Fig 1B shows that assuming the same SD and absolute mean difference at the population level, the precision of effect size estimates depends on the sample size. For example, a study may report an effect size of d = 0.5. However, with a sample size of 20 per group, the percentage of cases who fall within 1 SDs of the control mean may actually vary between 35% to 80%. With a sample size of 100 per group, this range is reduced to 55% to 75%. This shows that with small samples, the range of estimates can be so large that they may be effectively meaningless.

Identifying biomarkers in nonnormal distributions

The next examples show that it is not sufficient to only focus on the shift in the central tendency between 2 groups; the shape of the distributions of both groups has to be considered as well (Fig 2). Although differences in sample distributions may be minimised by careful experimental design, including selection of the comparison group, in clinical studies, quantitative measures have frequently been found to be nonnormally distributed [2628]. Note that in nonnormal distributions, common reference values, such as means and SDs, as well as frequently used effect size measures, such as Cohen’s d, are not suitable [26]. S2 Text and S2 Table give a brief tutorial and a summary of how central tendencies of means and SDs can be translated into their nonparametric counterparts of median and percentiles. It is important to note that despite the increase of Type 1 error, most parametric statistical tests remain relatively robust when data depart from normality. However, despite such robustness in significance at the statistical level, the extent to which distributions diverge from normality can strongly impact effect sizes and thus could lead to misleading conclusions at the clinical level [29].
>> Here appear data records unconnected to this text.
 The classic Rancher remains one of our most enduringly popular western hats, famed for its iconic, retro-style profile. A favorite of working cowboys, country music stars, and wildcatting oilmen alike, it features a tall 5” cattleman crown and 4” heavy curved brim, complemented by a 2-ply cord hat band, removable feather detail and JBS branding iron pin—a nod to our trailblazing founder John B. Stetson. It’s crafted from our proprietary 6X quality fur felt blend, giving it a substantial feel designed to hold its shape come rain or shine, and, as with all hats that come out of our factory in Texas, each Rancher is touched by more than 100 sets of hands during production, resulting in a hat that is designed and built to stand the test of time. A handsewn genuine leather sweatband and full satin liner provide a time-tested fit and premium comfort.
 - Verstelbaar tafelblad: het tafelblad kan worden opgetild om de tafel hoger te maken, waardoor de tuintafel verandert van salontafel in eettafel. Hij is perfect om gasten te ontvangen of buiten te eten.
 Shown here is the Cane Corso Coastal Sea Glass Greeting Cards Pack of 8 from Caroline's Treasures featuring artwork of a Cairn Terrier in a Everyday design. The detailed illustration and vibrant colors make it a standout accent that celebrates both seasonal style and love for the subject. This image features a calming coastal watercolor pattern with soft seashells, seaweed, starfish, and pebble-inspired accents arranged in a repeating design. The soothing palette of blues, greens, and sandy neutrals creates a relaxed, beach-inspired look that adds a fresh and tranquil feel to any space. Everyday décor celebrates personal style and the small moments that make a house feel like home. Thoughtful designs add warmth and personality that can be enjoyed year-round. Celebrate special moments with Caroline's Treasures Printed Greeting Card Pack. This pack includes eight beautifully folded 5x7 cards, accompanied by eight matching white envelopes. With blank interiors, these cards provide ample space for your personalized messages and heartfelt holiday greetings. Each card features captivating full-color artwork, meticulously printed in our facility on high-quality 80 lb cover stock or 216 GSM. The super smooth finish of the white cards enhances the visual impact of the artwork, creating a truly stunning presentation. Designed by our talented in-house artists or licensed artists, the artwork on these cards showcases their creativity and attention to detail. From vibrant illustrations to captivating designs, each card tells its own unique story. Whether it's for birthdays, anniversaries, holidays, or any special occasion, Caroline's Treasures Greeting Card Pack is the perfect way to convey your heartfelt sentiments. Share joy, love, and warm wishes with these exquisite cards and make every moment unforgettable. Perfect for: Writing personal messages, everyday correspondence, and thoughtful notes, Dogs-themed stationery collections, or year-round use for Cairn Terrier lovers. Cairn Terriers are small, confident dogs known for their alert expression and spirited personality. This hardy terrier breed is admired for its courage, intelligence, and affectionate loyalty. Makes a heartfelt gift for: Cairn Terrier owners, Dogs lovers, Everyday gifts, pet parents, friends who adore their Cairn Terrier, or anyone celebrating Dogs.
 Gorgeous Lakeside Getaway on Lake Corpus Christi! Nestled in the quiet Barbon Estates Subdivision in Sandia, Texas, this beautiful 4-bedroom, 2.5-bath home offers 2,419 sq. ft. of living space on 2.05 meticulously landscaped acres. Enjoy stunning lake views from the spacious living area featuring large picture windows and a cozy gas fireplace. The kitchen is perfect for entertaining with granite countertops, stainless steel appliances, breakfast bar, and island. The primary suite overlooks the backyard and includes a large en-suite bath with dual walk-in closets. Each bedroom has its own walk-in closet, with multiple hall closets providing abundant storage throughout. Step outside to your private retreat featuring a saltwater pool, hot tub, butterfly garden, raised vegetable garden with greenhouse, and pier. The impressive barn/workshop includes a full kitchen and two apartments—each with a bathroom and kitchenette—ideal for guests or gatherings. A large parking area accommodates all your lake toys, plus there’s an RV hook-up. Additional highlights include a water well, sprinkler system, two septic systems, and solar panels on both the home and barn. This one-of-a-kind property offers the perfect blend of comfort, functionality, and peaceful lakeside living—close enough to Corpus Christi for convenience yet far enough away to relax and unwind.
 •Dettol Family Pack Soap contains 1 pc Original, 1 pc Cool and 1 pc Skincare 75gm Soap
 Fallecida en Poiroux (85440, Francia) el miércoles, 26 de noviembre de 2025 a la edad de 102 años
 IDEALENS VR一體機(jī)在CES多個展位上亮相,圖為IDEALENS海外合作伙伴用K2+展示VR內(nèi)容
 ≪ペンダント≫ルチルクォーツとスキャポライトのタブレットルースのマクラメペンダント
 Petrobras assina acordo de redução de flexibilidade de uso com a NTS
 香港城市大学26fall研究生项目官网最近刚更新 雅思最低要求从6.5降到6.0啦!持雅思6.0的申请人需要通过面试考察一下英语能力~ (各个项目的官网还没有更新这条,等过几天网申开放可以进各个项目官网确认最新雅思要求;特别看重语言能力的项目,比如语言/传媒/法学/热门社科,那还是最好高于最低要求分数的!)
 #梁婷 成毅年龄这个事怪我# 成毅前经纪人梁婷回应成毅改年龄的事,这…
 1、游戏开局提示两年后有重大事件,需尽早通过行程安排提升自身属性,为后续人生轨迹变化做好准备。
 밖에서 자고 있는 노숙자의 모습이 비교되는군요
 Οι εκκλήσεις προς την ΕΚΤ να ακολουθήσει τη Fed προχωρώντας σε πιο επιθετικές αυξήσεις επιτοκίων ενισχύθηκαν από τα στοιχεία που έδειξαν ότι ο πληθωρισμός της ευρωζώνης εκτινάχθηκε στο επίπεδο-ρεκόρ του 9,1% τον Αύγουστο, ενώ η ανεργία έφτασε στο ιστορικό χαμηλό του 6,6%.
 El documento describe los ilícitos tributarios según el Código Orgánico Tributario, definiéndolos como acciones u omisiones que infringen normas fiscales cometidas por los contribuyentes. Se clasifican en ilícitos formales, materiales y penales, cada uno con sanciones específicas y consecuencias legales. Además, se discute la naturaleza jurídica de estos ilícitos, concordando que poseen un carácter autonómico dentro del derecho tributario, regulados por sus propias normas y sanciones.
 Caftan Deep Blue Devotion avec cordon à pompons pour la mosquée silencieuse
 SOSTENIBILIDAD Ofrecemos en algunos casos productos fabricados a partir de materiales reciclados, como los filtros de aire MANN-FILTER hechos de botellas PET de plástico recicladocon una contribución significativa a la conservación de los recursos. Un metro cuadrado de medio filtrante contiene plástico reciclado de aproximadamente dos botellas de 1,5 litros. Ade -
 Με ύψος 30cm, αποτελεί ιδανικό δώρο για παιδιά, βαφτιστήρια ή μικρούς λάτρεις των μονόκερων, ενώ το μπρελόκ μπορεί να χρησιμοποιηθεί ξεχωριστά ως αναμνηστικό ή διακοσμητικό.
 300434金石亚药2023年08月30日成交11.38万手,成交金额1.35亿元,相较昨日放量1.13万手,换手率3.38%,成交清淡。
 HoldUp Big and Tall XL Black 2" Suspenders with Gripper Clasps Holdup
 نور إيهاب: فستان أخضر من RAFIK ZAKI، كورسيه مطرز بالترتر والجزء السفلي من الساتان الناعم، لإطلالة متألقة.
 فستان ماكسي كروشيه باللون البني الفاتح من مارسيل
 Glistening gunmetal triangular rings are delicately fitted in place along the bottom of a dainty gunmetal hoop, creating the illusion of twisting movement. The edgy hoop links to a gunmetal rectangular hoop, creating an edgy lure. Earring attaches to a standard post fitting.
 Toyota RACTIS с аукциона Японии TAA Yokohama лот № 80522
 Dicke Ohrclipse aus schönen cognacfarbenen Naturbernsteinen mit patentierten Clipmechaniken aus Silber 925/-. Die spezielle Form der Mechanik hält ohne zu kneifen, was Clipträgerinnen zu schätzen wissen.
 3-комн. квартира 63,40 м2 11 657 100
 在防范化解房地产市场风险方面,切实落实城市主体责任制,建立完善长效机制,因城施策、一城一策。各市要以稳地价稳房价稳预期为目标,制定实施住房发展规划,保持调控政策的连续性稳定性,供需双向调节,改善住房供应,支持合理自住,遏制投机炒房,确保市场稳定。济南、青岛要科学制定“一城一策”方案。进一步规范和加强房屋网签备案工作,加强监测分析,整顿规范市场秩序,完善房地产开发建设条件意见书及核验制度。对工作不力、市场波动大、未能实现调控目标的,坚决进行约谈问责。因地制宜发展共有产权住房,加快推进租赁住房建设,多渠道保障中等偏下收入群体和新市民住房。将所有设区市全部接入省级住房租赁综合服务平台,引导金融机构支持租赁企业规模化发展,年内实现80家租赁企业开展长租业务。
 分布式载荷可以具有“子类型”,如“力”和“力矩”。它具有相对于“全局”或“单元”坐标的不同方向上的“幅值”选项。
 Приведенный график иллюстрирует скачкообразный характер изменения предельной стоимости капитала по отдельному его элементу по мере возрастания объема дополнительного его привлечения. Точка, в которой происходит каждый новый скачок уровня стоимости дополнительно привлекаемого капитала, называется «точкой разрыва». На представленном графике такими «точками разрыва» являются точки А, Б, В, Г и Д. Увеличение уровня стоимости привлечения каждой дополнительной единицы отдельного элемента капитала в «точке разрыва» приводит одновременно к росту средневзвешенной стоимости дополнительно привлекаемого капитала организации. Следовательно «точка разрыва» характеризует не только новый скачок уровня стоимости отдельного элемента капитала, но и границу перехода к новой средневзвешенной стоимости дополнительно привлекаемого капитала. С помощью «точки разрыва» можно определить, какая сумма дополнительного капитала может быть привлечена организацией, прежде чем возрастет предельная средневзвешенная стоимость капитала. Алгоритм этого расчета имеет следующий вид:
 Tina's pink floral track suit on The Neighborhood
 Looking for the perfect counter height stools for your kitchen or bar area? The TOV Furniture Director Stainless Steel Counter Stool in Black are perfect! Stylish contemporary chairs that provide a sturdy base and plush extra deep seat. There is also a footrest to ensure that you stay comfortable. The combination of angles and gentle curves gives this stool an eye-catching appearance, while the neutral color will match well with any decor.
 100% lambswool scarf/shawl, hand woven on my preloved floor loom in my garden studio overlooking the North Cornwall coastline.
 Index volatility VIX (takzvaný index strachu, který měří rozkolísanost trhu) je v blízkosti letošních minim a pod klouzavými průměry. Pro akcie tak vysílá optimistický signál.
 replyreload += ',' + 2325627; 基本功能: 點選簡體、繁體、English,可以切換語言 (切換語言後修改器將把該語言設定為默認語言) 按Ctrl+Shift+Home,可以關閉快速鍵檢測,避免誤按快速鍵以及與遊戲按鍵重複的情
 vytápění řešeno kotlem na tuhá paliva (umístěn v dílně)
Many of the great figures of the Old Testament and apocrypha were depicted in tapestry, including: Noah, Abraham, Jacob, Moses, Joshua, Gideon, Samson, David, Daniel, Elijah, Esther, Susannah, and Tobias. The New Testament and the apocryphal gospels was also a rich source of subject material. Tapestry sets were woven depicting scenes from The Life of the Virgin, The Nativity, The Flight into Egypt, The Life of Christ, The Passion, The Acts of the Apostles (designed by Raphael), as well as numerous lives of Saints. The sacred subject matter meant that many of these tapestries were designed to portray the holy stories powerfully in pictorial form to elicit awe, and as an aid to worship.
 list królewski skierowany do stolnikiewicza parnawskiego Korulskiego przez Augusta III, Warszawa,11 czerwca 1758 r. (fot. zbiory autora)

Fig 2. Simulation of how central tendencies and the shape of the distributions impact group overlap.

Translating the central tendencies of mean and SD into median and interquartile ranges in (a) normal distribution and (b) skewed distribution. Illustration of group overlap when (c) case group is skewed but control group is normal, (d) both groups are skewed, (e) exponentially modified gamma distribution with strong skewness, and (f) with milder skewness, (g) platykurtosis, (h) leptokurtosis, (i), bimodal equal, (j) bimodal asymmetric. SD, standard deviation.


When the data of only 1 group are skewed (Fig 2C), the number of individuals with atypical values increases relative to 2 normal distributions, yet this may not be obvious from the effect size value only. Skewness may indicate a larger subgroup with atypical (nonoverlapping) scores, while the majority of cases have scores in the same range as the comparison group. For instance, in the EU-AIMS LEAP cohort, we observed shifted developmental trajectories where the control group reached a ceiling effect in spatial working memory earlier than the autism group [30]. If the 2 groups are equally skewed, for example, due to a systematic bias in the measures, the degree of nonoverlap depends on the difference in the median (Fig 2D).


Fig 2E describes a distribution with negative kurtosis. They have lighter tails than a normal distribution, with more extreme scores at both ends. In psychiatric research, biologically plausible platykurtic distributions could be functional connectivity, where some cases might show hypoconnectivity and others hyperconnectivity relative to the control distribution.

The opposite case is leptokurtosis, with distributions presenting an excess positive kurtosis. Those distributions have fatter tails than normal. One scenario in which this could happen in psychiatric research is when the control group’s “true” distribution on a test or measure is normal, but participants are sampled from a specific subpopulation, such as University students, who may display a narrower range of scores. If 1 group is platykurtic (or leptokurtic), we could find the seemingly paradoxical situation where the 2 group means and medians are identical, i.e., statistically no effect was obtained—and yet 2 subgroups exist with nonoverlapping values. In other words, we can have a stratification biomarker indicating biologically plausible subgroups in the absence of a significant mean group difference.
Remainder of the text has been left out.